Data entries:

* * * * * * *

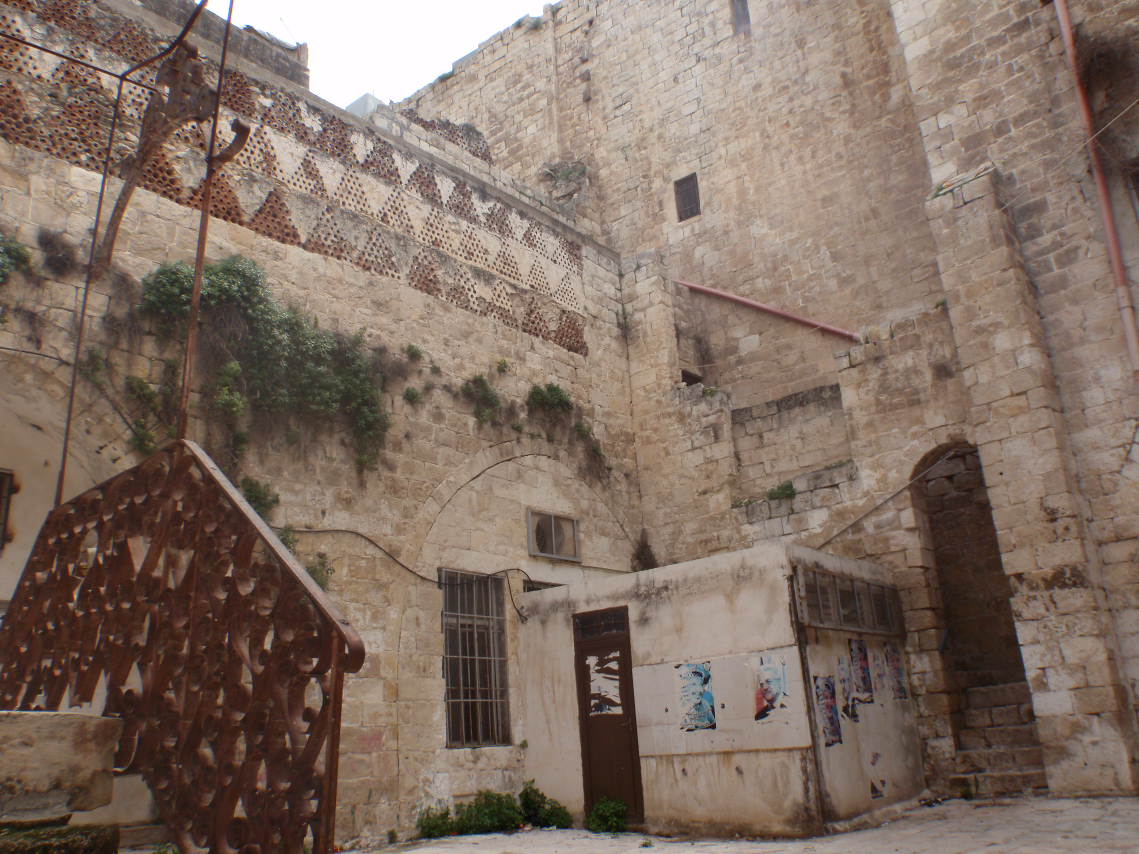 Interior or Abdulhadi Palace, Nablus, West Bank, Palestine
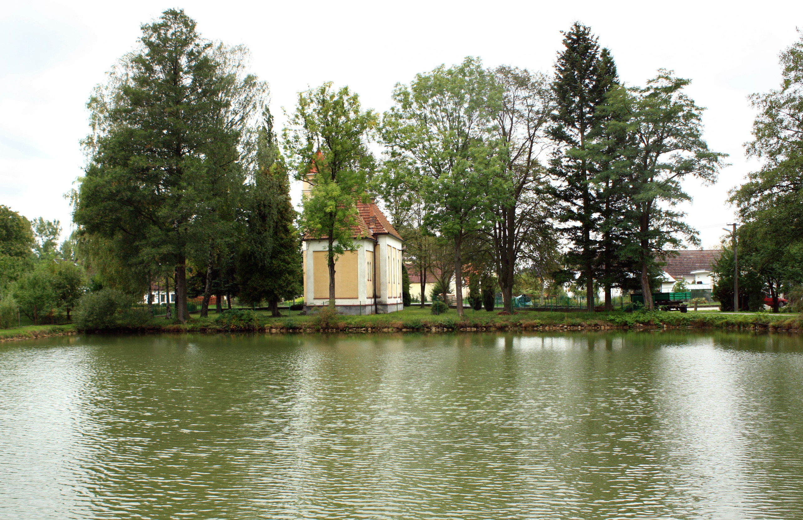 West pond in Příbraz, Czech Republic
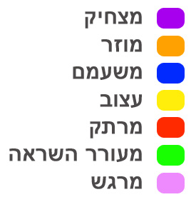 Levinski Garden Library Catalog
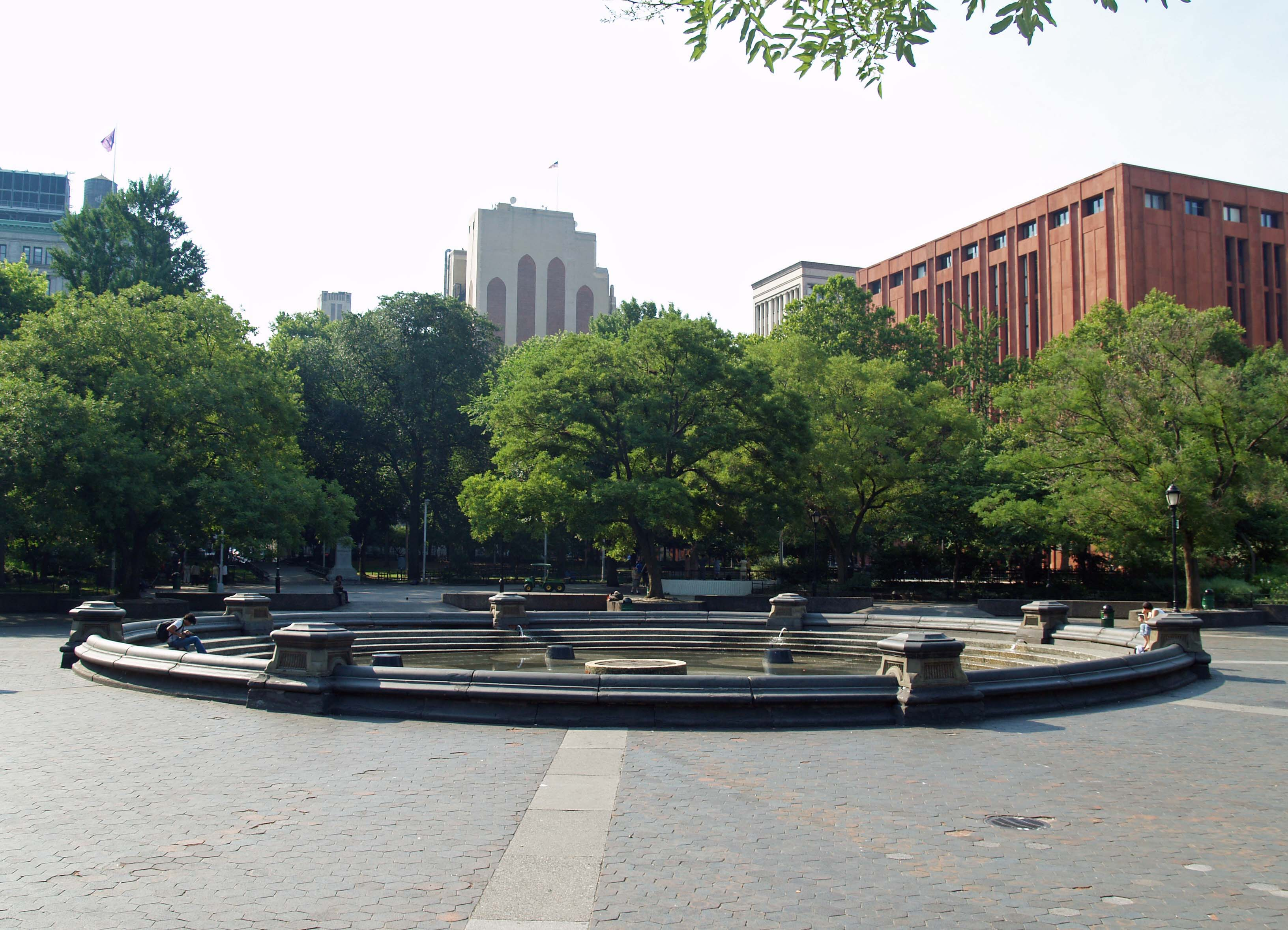 Central Fountain in Washington Square Park by David Shankbone
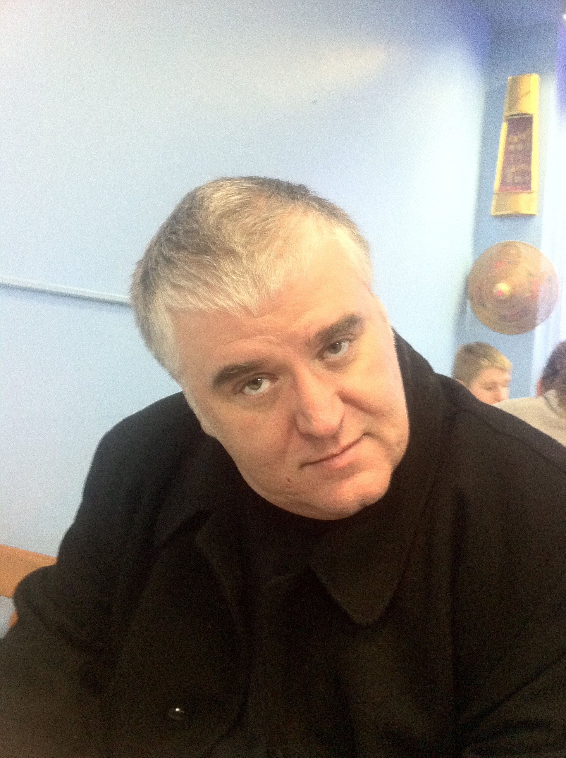 Author and Web publisher Joey Manley in 2011.
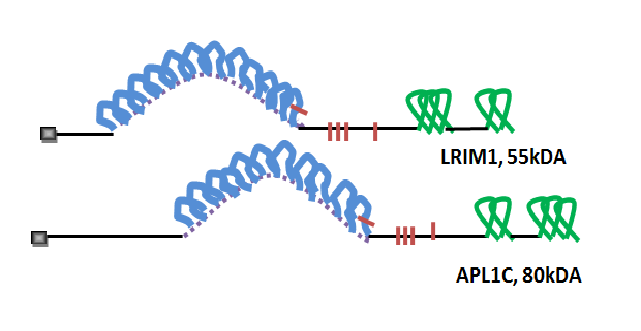 APL1C and LRIM1 are leucine rich repeat proteins which form a heterodimeric complex.

* * * * * * *

Once you find the line with "West pond in Příbraz, Czech Republic", restate it and every later line of the data word for word, excluding the pictures.

 West pond in Příbraz, Czech Republic
 Levinski Garden Library Catalog
 Central Fountain in Washington Square Park by David Shankbone
 Author and Web publisher Joey Manley in 2011.
 APL1C and LRIM1 are leucine rich repeat proteins which form a heterodimeric complex.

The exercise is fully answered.